*** Opening of RECORDS PROVIDED ***
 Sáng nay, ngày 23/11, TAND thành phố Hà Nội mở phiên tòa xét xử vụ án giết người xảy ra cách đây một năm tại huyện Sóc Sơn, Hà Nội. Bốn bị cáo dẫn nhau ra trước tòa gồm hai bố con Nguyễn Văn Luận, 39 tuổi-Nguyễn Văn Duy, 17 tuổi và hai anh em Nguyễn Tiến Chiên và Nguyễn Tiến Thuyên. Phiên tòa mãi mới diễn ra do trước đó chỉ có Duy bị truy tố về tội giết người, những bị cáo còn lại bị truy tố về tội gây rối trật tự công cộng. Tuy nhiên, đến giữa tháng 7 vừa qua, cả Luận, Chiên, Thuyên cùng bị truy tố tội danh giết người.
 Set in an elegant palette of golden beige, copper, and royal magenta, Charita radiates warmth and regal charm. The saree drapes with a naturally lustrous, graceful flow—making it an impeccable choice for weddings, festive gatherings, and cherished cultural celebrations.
*** Close of RECORDS PROVIDED ***
*** Opening of RECORDS PROVIDED ***
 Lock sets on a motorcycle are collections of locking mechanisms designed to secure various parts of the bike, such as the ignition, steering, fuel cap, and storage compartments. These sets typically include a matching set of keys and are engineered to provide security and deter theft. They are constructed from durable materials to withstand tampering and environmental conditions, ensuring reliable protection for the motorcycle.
*** Close of RECORDS PROVIDED ***
*** Opening of RECORDS PROVIDED ***
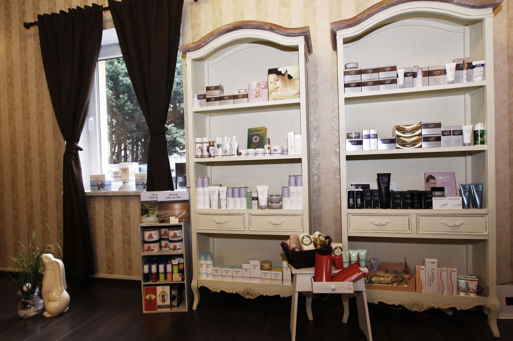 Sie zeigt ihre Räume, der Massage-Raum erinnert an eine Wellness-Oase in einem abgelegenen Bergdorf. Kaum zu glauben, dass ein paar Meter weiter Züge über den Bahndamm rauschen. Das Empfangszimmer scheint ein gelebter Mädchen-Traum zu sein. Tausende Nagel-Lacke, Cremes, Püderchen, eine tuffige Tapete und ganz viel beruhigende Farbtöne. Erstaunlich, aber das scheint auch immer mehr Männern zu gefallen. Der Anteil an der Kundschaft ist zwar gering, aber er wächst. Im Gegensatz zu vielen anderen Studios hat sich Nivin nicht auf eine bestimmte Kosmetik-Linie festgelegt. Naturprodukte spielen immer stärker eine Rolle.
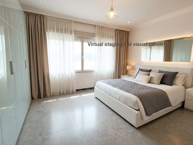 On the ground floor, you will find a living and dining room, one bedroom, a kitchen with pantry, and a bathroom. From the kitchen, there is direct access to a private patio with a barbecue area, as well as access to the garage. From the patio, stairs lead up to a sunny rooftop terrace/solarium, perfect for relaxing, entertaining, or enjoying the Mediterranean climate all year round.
*** Close of RECORDS PROVIDED ***
-- WHAT TO WORK ON --
Among the records above, a stretch begins at the line containing "Sáng nay, ngày" and ends at the line containing "Set in an elegant". Restate that stretch word for word, and nothing else.

-- EXPECTED ANSWER --
 Sáng nay, ngày 23/11, TAND thành phố Hà Nội mở phiên tòa xét xử vụ án giết người xảy ra cách đây một năm tại huyện Sóc Sơn, Hà Nội. Bốn bị cáo dẫn nhau ra trước tòa gồm hai bố con Nguyễn Văn Luận, 39 tuổi-Nguyễn Văn Duy, 17 tuổi và hai anh em Nguyễn Tiến Chiên và Nguyễn Tiến Thuyên. Phiên tòa mãi mới diễn ra do trước đó chỉ có Duy bị truy tố về tội giết người, những bị cáo còn lại bị truy tố về tội gây rối trật tự công cộng. Tuy nhiên, đến giữa tháng 7 vừa qua, cả Luận, Chiên, Thuyên cùng bị truy tố tội danh giết người.
 Set in an elegant palette of golden beige, copper, and royal magenta, Charita radiates warmth and regal charm. The saree drapes with a naturally lustrous, graceful flow—making it an impeccable choice for weddings, festive gatherings, and cherished cultural celebrations.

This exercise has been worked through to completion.